Task
The answer must consist solely of the lines from the start of the records through the line containing "Abb. 2009-4/240 (Maßstab", restated word for word, with no pictures.

Records shown
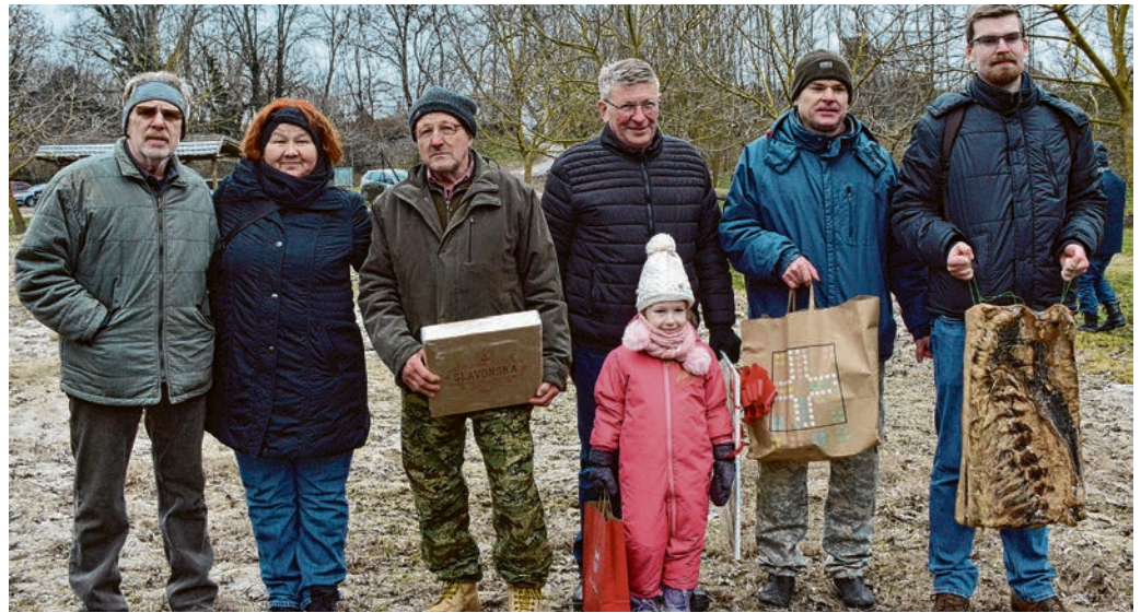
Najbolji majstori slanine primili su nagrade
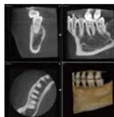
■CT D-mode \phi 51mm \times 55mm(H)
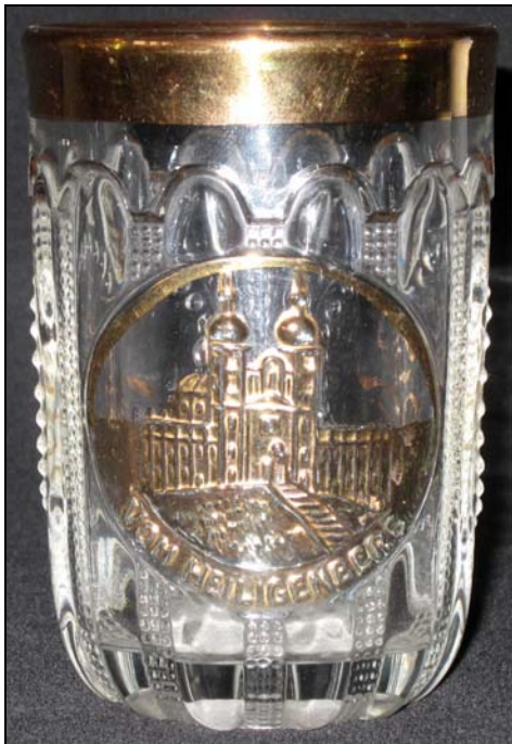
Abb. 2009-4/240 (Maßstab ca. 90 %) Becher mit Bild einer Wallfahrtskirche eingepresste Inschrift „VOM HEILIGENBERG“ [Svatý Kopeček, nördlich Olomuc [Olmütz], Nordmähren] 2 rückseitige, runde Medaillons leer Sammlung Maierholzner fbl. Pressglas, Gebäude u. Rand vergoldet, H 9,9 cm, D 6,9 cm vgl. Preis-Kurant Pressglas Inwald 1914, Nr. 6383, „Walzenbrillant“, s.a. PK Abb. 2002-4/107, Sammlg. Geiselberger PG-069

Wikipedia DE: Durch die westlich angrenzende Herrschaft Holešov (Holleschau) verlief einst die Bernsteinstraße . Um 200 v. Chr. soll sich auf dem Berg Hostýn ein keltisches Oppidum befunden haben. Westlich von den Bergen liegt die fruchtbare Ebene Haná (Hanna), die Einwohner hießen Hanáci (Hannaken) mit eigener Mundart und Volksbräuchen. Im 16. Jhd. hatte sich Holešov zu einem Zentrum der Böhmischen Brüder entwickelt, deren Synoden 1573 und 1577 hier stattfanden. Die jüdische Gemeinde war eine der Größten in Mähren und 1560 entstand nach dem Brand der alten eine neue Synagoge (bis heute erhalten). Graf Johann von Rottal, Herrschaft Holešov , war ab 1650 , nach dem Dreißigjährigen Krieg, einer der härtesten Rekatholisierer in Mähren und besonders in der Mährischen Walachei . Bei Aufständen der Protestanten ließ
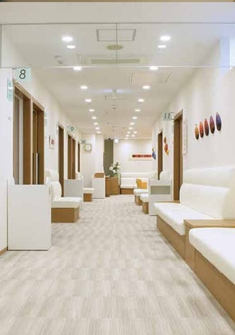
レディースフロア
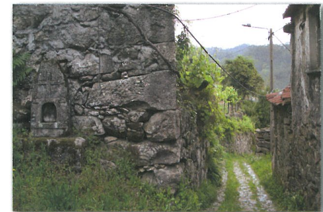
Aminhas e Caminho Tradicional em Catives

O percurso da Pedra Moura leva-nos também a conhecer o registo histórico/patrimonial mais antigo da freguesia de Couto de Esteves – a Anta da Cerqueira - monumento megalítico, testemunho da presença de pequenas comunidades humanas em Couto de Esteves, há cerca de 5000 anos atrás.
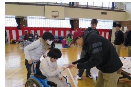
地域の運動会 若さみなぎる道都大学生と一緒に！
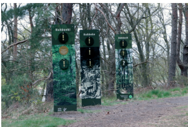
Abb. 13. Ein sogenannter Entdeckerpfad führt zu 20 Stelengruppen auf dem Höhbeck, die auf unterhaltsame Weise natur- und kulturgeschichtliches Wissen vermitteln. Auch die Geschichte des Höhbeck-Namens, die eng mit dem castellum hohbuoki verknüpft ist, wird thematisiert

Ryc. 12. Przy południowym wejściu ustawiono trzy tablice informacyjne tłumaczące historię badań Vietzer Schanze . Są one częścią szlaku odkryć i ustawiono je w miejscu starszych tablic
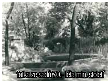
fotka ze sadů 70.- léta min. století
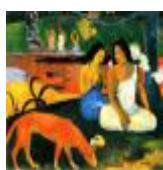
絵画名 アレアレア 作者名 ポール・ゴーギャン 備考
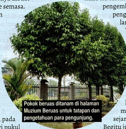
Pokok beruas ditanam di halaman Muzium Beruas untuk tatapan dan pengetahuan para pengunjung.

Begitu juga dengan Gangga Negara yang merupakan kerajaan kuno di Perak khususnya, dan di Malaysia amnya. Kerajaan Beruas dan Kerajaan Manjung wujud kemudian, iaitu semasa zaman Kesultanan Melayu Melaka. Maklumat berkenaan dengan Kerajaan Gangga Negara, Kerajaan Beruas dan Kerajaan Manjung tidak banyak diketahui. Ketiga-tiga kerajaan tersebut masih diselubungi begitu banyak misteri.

Answer to this exercise
Najbolji majstori slanine primili su nagrade
■CT D-mode \phi 51mm \times 55mm(H)
Abb. 2009-4/240 (Maßstab ca. 90 %) Becher mit Bild einer Wallfahrtskirche eingepresste Inschrift „VOM HEILIGENBERG“ [Svatý Kopeček, nördlich Olomuc [Olmütz], Nordmähren] 2 rückseitige, runde Medaillons leer Sammlung Maierholzner fbl. Pressglas, Gebäude u. Rand vergoldet, H 9,9 cm, D 6,9 cm vgl. Preis-Kurant Pressglas Inwald 1914, Nr. 6383, „Walzenbrillant“, s.a. PK Abb. 2002-4/107, Sammlg. Geiselberger PG-069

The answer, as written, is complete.